┌──
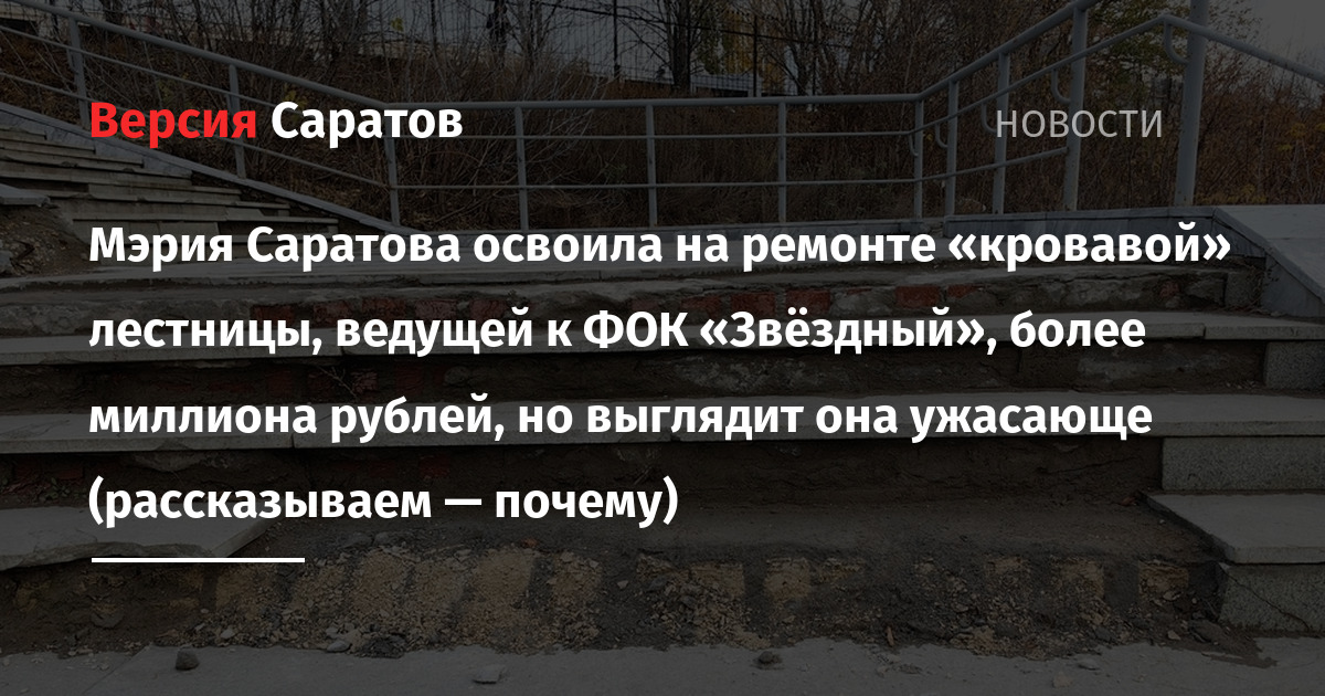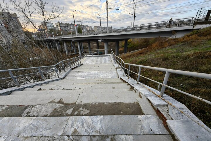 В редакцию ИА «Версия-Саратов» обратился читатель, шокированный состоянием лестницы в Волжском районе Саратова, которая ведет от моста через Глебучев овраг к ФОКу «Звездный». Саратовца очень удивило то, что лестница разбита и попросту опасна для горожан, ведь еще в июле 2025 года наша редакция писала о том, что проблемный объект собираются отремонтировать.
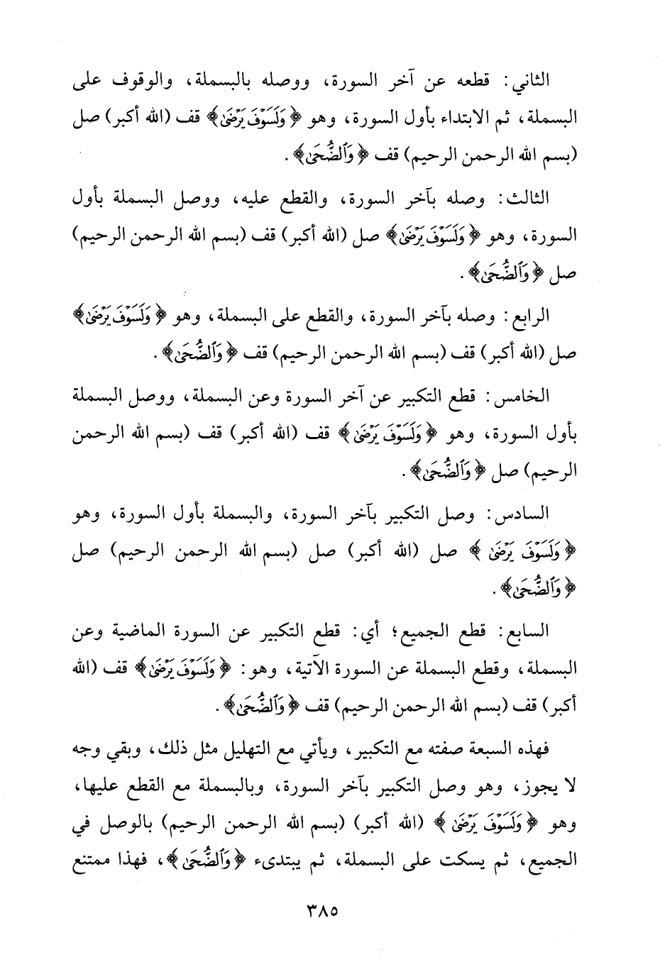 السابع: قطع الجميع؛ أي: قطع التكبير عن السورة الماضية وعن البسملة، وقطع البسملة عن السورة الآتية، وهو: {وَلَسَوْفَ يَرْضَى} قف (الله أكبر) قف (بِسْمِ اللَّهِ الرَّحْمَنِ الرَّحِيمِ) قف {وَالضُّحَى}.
└──
┌──
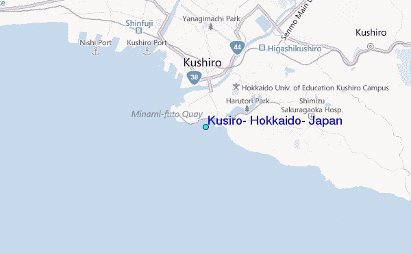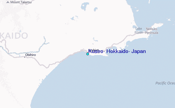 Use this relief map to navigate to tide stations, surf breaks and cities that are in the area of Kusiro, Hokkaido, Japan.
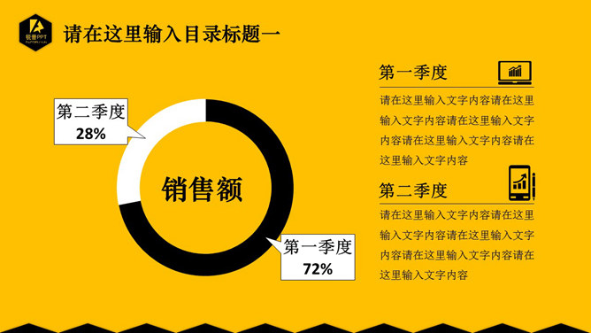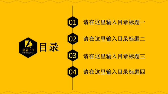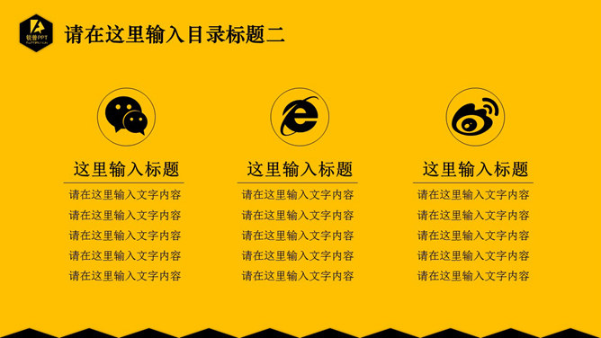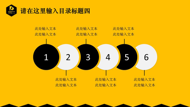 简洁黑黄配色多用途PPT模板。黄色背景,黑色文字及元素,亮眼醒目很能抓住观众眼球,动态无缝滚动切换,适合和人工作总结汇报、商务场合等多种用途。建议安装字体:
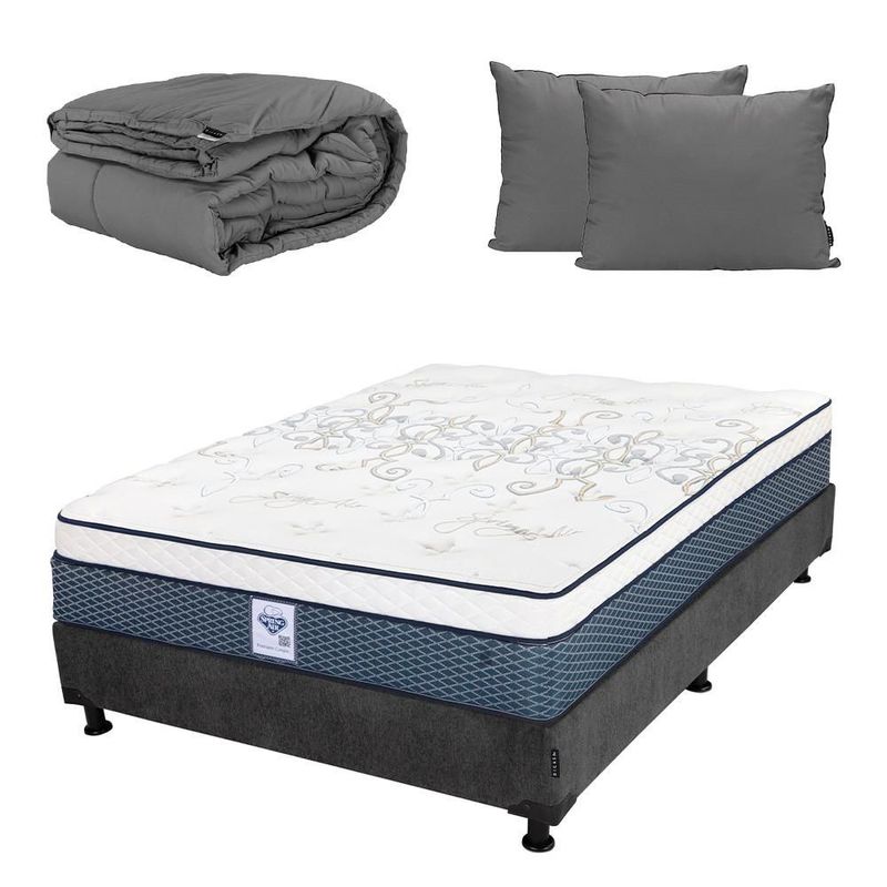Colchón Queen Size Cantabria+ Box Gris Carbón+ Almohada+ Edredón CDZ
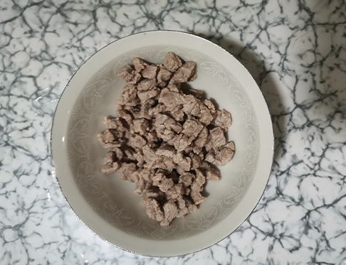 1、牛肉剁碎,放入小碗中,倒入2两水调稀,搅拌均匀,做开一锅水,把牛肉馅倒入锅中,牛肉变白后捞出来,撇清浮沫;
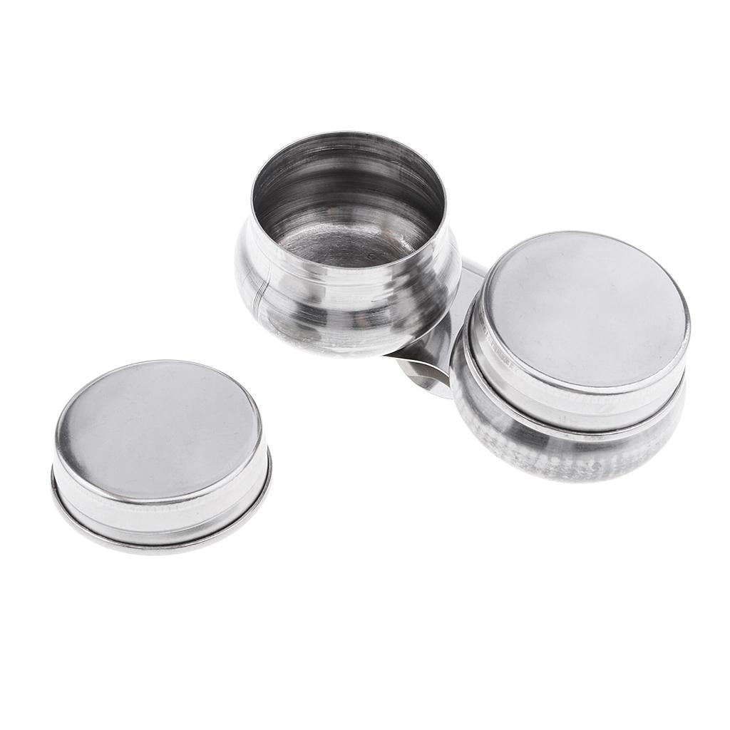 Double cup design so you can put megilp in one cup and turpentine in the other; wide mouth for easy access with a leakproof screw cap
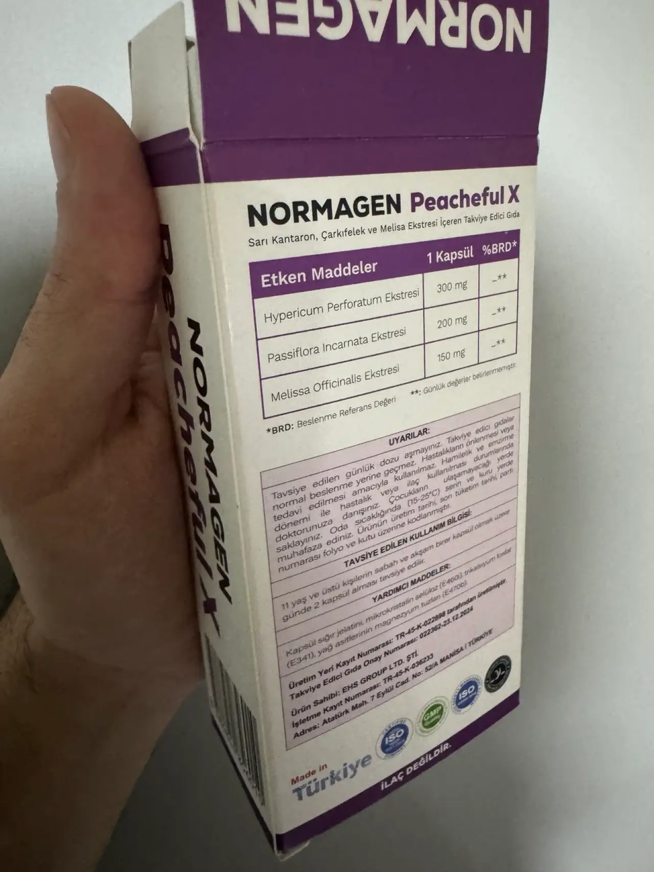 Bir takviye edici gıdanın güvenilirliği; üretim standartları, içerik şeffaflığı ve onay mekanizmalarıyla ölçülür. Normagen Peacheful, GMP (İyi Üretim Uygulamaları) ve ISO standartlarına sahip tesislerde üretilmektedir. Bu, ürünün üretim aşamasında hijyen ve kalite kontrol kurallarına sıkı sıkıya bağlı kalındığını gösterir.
└──
┌──
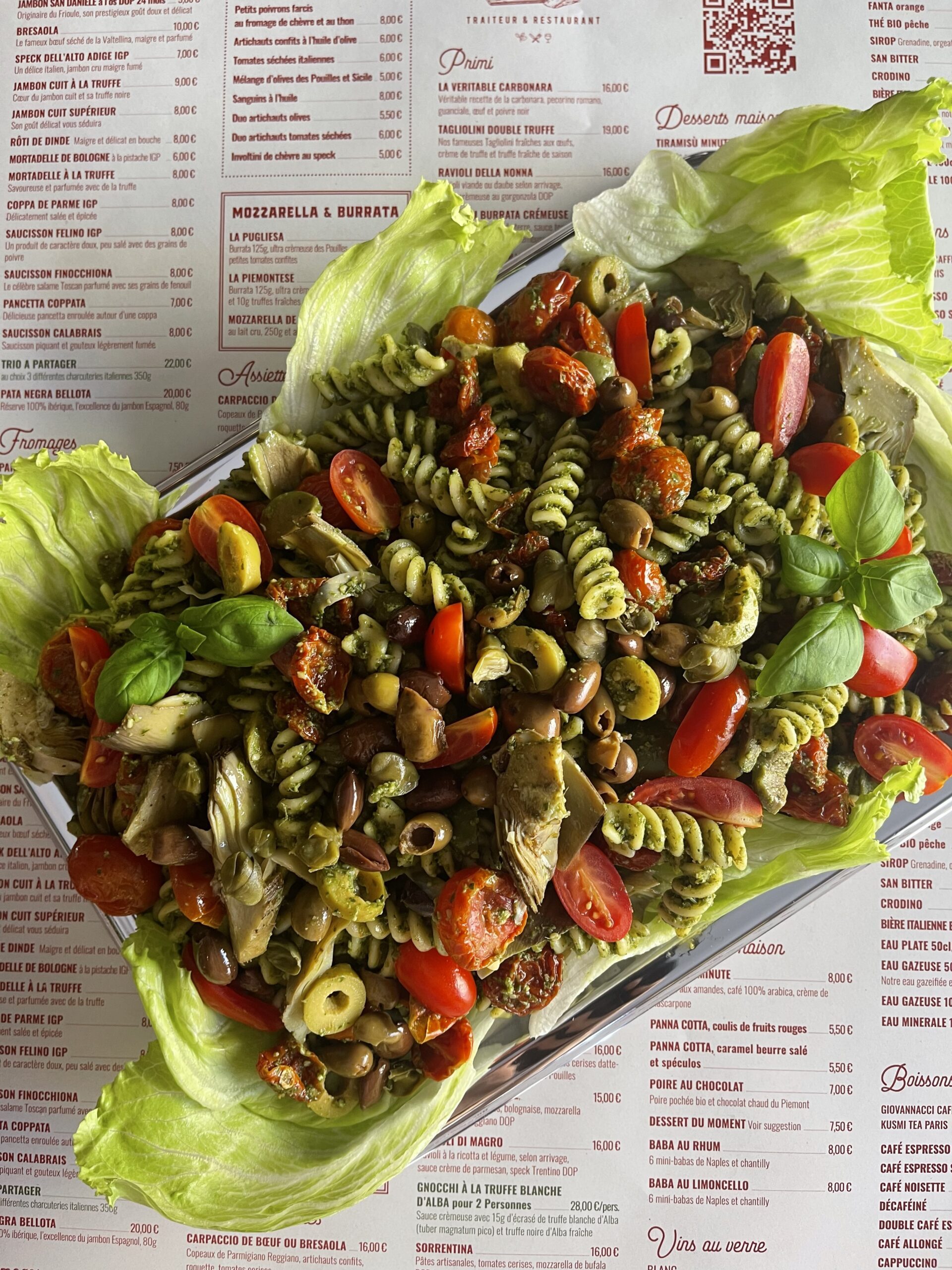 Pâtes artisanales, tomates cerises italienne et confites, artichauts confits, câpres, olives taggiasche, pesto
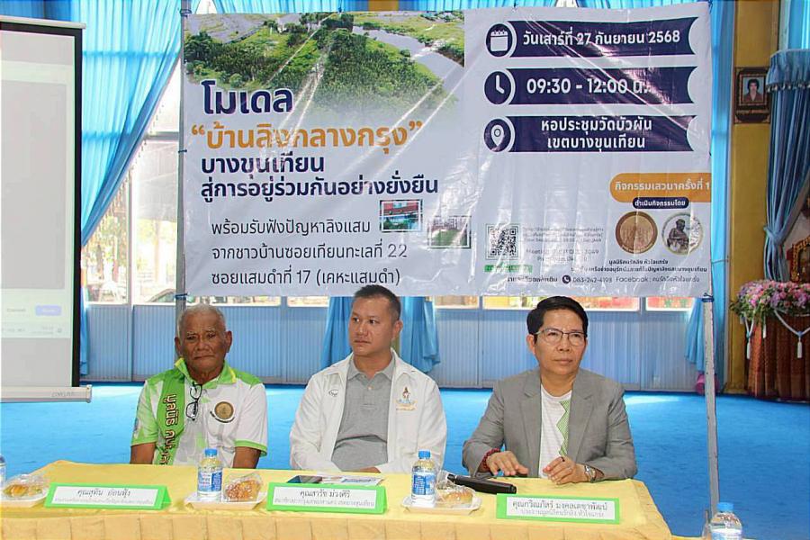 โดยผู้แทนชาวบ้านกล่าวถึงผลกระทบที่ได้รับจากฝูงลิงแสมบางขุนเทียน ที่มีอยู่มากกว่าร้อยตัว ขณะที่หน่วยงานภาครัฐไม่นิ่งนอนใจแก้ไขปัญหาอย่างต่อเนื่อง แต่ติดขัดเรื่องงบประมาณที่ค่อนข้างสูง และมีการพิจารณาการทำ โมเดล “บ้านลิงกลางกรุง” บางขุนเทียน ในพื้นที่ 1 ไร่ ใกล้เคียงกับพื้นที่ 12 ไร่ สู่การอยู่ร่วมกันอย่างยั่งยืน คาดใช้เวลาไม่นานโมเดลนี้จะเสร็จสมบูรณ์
└──
**BRIEF:** Would you please reproduce the entries above, starting at the line with "В редакцию ИА" and stopping after the line with "السابع: قطع الجميع؛"? Omit any pictures.

**COMPLETED TASK:**
 В редакцию ИА «Версия-Саратов» обратился читатель, шокированный состоянием лестницы в Волжском районе Саратова, которая ведет от моста через Глебучев овраг к ФОКу «Звездный». Саратовца очень удивило то, что лестница разбита и попросту опасна для горожан, ведь еще в июле 2025 года наша редакция писала о том, что проблемный объект собираются отремонтировать.
 السابع: قطع الجميع؛ أي: قطع التكبير عن السورة الماضية وعن البسملة، وقطع البسملة عن السورة الآتية، وهو: {وَلَسَوْفَ يَرْضَى} قف (الله أكبر) قف (بِسْمِ اللَّهِ الرَّحْمَنِ الرَّحِيمِ) قف {وَالضُّحَى}.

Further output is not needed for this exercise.